Gil Vicente: Um dos artistas mais polivalente da nossa história
A Rua Gil Vicente estende-se entre a rua Gago Coutinho e a Avenida José Estêvão. Liga o coração da Chave ao centro da Cale da Vila. É uma rua sinuosa, pois terá sido construída sobre caminho de terra batida, por onde circulavam pessoas e carros de vacas, como era hábito nas Gafanhas, onde as exigências do trânsito automóvel não existiam. Foi dedicada ao criador do teatro português, Gil Vicente, que qualquer estudante conhece bem, pelos autos de sua lavra que nas escolas secundárias e liceus são motivo de estudo.
Gil Vicente foi um artista polivalente, se olharmos com atenção para a sua biografia. Terá nascido em 1466 e falecido em 1536. Digo terá, porque ainda não há consenso sobre as datas precisas do seu nascimento e morte. Sabe-se, isso sim, que ficou para a história como dramaturgo e como poeta, mas ainda como músico, encenador e ator. Aliás, sabe-se que o seu primeiro auto, o Auto da Visitação, também conhecido por Monólogo do Vaqueiro, foi apresentado nos aposentos da rainha D. Maria, consorte de D. Manuel I, para celebrar o nascimento do príncipe e futuro rei D. João III. Trata-se, segundo os estudiosos, de um marco histórico do teatro português.

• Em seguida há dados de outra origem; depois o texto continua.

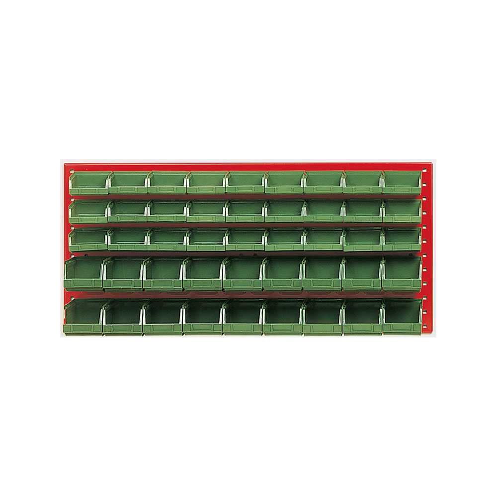 Pannello in lamiera corredato di contenitori verdi, 27 P249 e 18 P250. Verniciatura a polvere rosso RAL 3002. Dim.: mm.1000x178x455h.
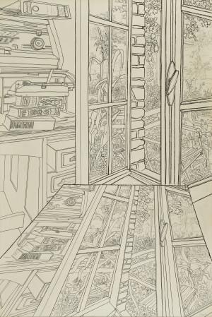Fenêtre, encre sur papier, signée, 105x71 cm
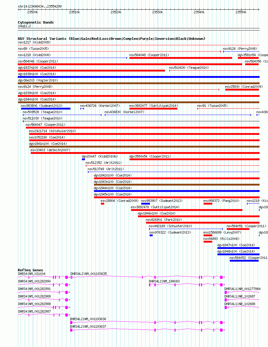 | | Variant Type | CNV gain+loss | | Copy Number | | | Allele State | | | Allele Origin | | | Probe Count | | | Validation Flag | | | Merged Status | M | | Merged Variants | | | Supporting Variants | nsv1039452, nsv1047997 | | Samples | | | Known Genes | DHRS4, DHRS4L1, DHRS4L2 | | Method | SNP array | | Analysis | Affymetrix SNP array copy number analysis | | Platform | Affymetrix SNP Array 6.0 | | Comments | | | Reference | Coe_et_al_2014 | | Pubmed ID | 25217958 | | Accession Number(s) | dgv1840n100
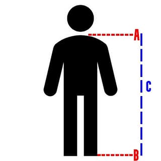 Maatinfo (maat/lengte/leeftijd)=6XS/112/6-7, 5XS/120/8, 4XS/128/9, XXXS/136/10-11, XXS/144/12, XS/152/13-14 De lengte (afstand C) is van onder gemeten (punt B) tot net bovenaan de schouders (punt A). Vb. als de lengte (afstand C) 120 cm is, dan kindermaat 5XS nemen.
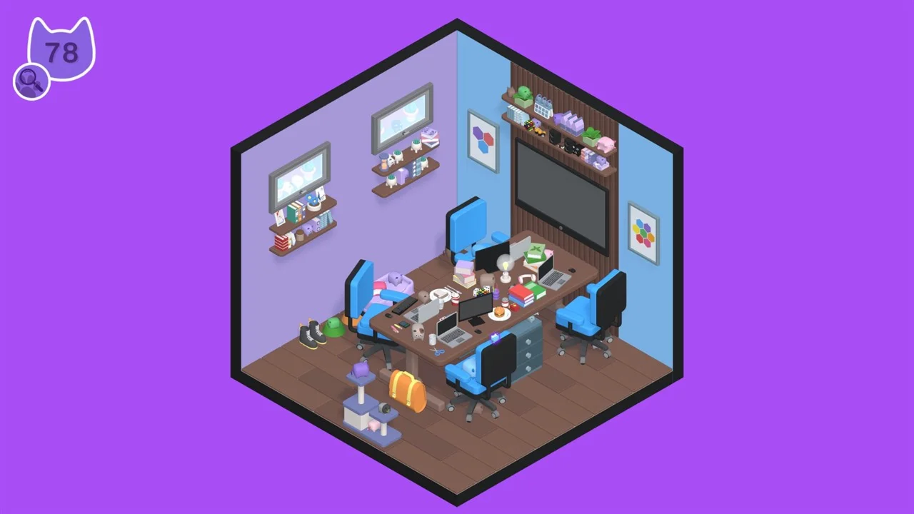 Вращайте комнату, чтобы лучше видеть препятствия, наводите курсор и кликайте на каждую обнаруженную кошку, постепенно обнуляя счетчик в левом верхнем углу экрана. Secret Paws - Cozy Offices — это спокойная, непринужденная и терапевтическая игра с успокаивающим саундтреком, которая станет идеальным развлечением в любое время!
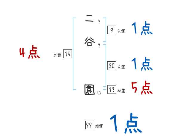 二谷園さんの画数の鑑定結果
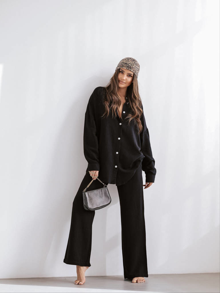 LNIANY KOMPLET KOSZULA+ SPODNIE- CZARNY

Aquela cena teve lugar no dia 8 de junho de 1502, perante o rei e a rainha, estando ainda presente a rainha D. Leonor, viúva de D. João II, e D. Beatriz, mãe do rei D. Manuel.
A Gil Vicente é atribuída a célebre Custódia de Belém, obra-prima da ourivesaria portuguesa, recentemente restaurada. O local de nascimento do pai do teatro português não é conhecido. Apontam-se Barcelos e Guimarães, terras de ourives, mas Lisboa e Beiras também reivindicam a naturalidade do dramaturgo e poeta.
Não se conhecendo, com rigor, as datas de nascimento e morte, nem tão-pouco a terra onde nasceu, a verdade é que a sua obra literária, sobretudo, o impõe como um artista que ocupa lugar cimeiro na História de Portugal.
A obra vicentina reflete a passagem da Idade Média para o Renascimento, fazendo o balanço de uma época marcada por regras inflexíveis impostas pelas hierarquias e pela sociedade, ao mesmo tempo que questiona, criticando, a vida e os usos e costumes da época em que viveu.
Gil Vicente usou um estilo caracterizado por um humor fino e corajoso, sofrendo muitas vezes as consequências das suas irreverências. Os autos da Barca do Inferno, da Barca do Purgatório e da Barca da Glória, bem como a Farsa de Inês Pereira, continuam a merecer nos nossos dias a atenção dos agentes do teatro, pois exibem uma atualidade digna de nota, pela acutilância com que o autor denuncia comportamentos menos corretos.